*** Opening INFORMATION SUPPLIED ***

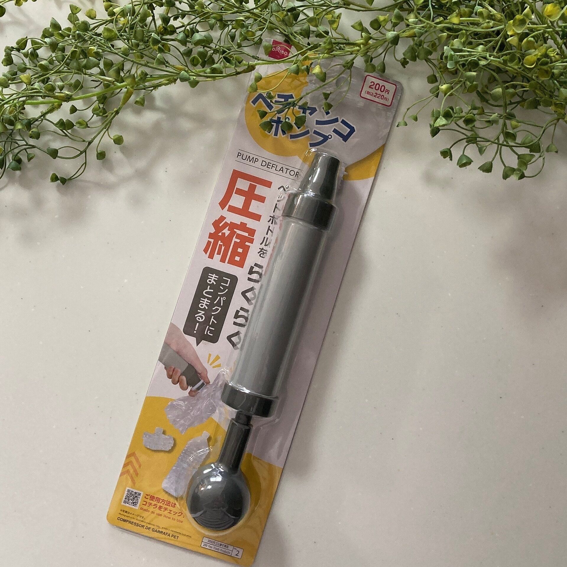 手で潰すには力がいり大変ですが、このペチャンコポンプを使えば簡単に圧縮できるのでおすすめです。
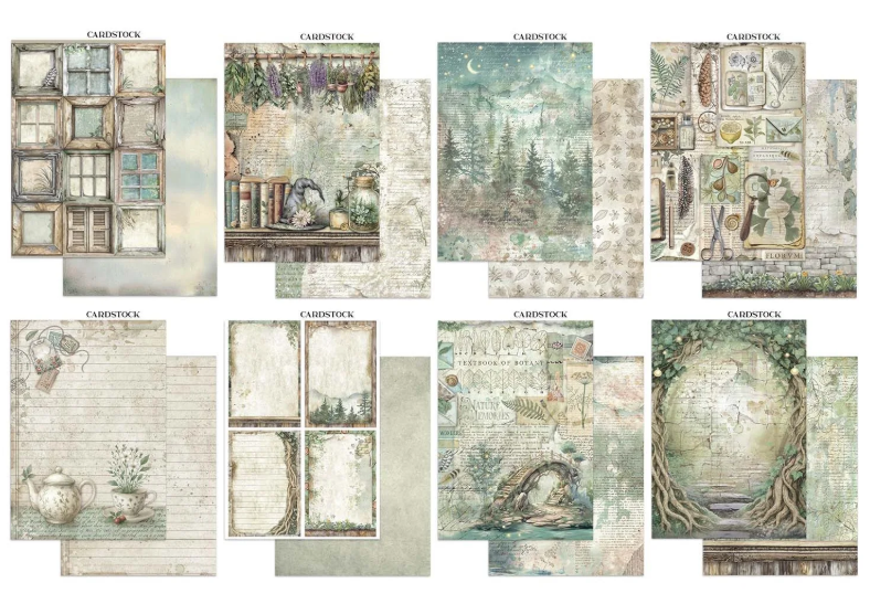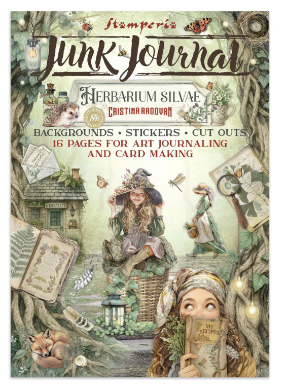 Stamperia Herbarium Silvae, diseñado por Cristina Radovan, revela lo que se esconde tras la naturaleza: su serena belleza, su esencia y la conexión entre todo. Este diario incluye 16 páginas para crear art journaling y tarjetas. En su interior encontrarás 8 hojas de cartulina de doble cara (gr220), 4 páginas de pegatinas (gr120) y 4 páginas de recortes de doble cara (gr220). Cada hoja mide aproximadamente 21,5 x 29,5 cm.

*** Closing INFORMATION SUPPLIED ***
*** Opening INFORMATION SUPPLIED ***

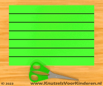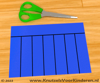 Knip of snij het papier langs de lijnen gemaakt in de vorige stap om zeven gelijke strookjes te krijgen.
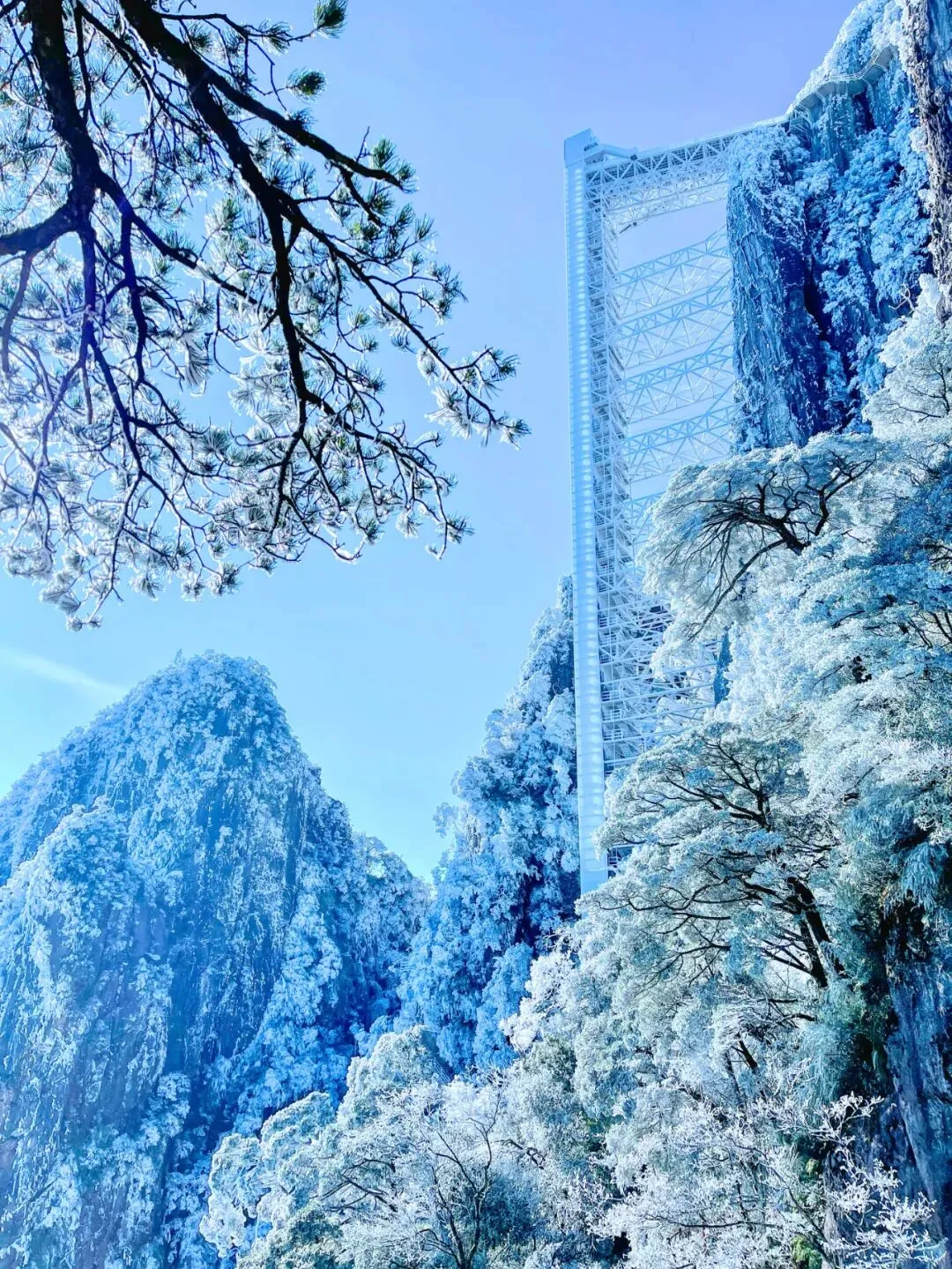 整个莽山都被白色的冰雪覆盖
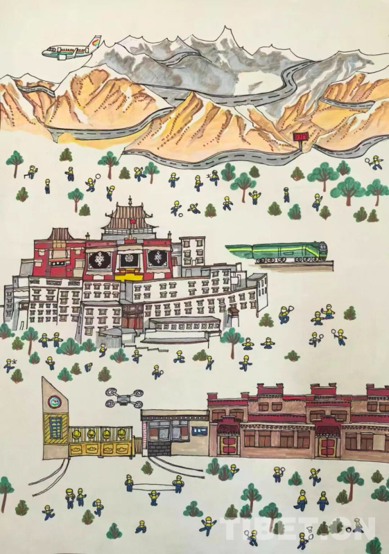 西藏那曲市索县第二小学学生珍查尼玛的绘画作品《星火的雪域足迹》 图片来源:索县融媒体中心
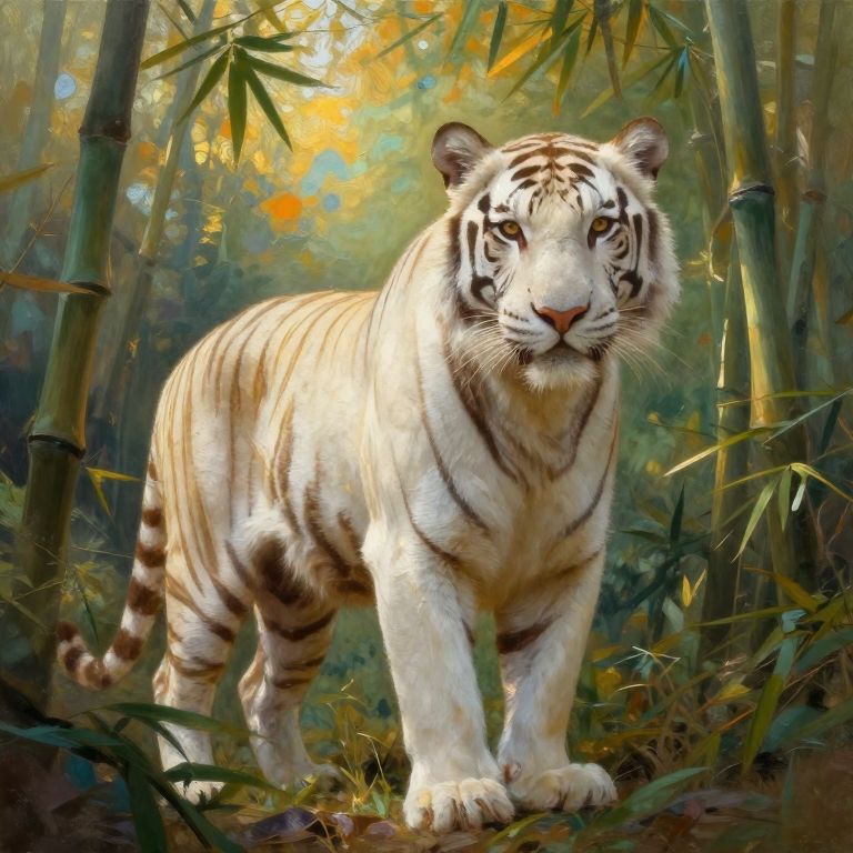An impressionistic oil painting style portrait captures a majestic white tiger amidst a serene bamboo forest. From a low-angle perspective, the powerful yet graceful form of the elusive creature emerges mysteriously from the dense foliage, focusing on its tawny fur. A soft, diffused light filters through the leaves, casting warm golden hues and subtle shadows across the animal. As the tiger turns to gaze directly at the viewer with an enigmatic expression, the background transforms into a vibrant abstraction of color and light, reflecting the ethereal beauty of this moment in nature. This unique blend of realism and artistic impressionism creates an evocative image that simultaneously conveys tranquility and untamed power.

*** Closing INFORMATION SUPPLIED ***

Within the listing above, copy exactly the lines that start at the one with "手で潰すには力がいり大変です" and continue through the one with "Stamperia Herbarium Silvae, diseñado". Omit pictures.

RESPONSE TO THE EXERCISE ▸
 手で潰すには力がいり大変ですが、このペチャンコポンプを使えば簡単に圧縮できるのでおすすめです。
 Stamperia Herbarium Silvae, diseñado por Cristina Radovan, revela lo que se esconde tras la naturaleza: su serena belleza, su esencia y la conexión entre todo. Este diario incluye 16 páginas para crear art journaling y tarjetas. En su interior encontrarás 8 hojas de cartulina de doble cara (gr220), 4 páginas de pegatinas (gr120) y 4 páginas de recortes de doble cara (gr220). Cada hoja mide aproximadamente 21,5 x 29,5 cm.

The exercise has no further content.